Deciding what major you want to pursue in college is one thing—deciding what to do with that major is a whole other story. History is a fascinating subject that gives you the knowledge and skills to understand the past and use it to inform the future. It’s a field that helps us understand our history on this earth and how far we’ve come. But what can you actually do with that History degree? Let’s delve into a few career options for students who are majoring or would like to major in History.
A common career path that comes to mind for History majors is working as a researcher. Researchers can work in practically any field, sharing their knowledge through books, documentary films, museums and other historical exhibitions, reports for local and federal governments, and even helping businesses understand the past in order to better their future. Becoming a researcher can also give you the opportunity to combine different passions with your love of history. Want to save historic buildings? Work for the government and use your research to accomplish that goal. Love to write? Become a journalist and use your understanding of the past to interpret current events. You can even consider a career in film as a documentary editor or try your hand at writing a book. The possibilities are endless.

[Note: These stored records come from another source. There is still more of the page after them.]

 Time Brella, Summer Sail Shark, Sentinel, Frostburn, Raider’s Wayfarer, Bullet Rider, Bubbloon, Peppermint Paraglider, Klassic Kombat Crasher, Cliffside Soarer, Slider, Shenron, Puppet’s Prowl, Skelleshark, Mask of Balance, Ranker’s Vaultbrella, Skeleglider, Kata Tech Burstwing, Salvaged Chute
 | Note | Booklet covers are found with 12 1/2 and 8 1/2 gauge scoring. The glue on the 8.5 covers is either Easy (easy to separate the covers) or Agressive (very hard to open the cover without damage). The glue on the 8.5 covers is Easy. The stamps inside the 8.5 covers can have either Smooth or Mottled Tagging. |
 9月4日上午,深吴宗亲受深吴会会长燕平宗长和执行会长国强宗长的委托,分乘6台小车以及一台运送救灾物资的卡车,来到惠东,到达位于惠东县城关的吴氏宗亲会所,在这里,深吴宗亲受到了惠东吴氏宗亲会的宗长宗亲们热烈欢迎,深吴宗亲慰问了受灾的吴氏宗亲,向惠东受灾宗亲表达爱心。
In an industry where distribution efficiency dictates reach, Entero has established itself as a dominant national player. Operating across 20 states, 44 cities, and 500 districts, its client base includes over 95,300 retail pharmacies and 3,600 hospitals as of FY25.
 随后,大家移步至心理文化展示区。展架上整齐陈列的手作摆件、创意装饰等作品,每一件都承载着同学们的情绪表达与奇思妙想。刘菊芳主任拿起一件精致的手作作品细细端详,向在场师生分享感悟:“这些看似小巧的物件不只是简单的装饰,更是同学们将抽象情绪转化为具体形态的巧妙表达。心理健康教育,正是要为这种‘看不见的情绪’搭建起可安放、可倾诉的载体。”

Related: How Can I Get Involved in Research as an Undergrad?
Another well-trod path for a History major is education. You are equipped with the knowledge of the past to hand down to the next generations. Those who become educators have many options, be it teaching in an elementary, middle, or high school setting. However, there are additional requirements to obtain a teaching certification that vary by state. There's also always the option to become a professor at a community or four-year college, and an undergraduate degree in History is an excellent steppingstone for obtaining the advanced degree generally required for teaching at the college level. Outside the classroom, there are other opportunities for passing on wisdom. Historic sites, such as battlefields and monuments, and museums always need historians to interpret their materials. If you go for a more specialized degree in History, you might find a perfect niche for you in the worlds of museums and historic sites.
Wielding their knowledge of the past, History majors are ready to take on the world and all its injustices. Careers as an advocate can include working in law/litigation, in government, or for a private foundation. A History major also receives excellent preparation for law school, as well as litigation support, which is incredibly important to the outcome of cases. Working for the government is another common path for a student of history, whether they become a politician or staff member to a government official. It seems like a no-brainer to share your knowledge of the past with the public in order to build a better future! A job with a historical foundation or nonprofit association is also a viable option for a History major, as knowledge of past events is important to their continued work.
Related: Top Careers for Students Who Want to Make a Difference
As you can see, there are quite a few career options for a History major. While some seem like an obvious choice, there are a lot more elements to each job than it seems at face value. Delve a little deeper into these career options to see if they would be a good option for you and what job you'd like to be doing daily. Now go out and spread that knowledge!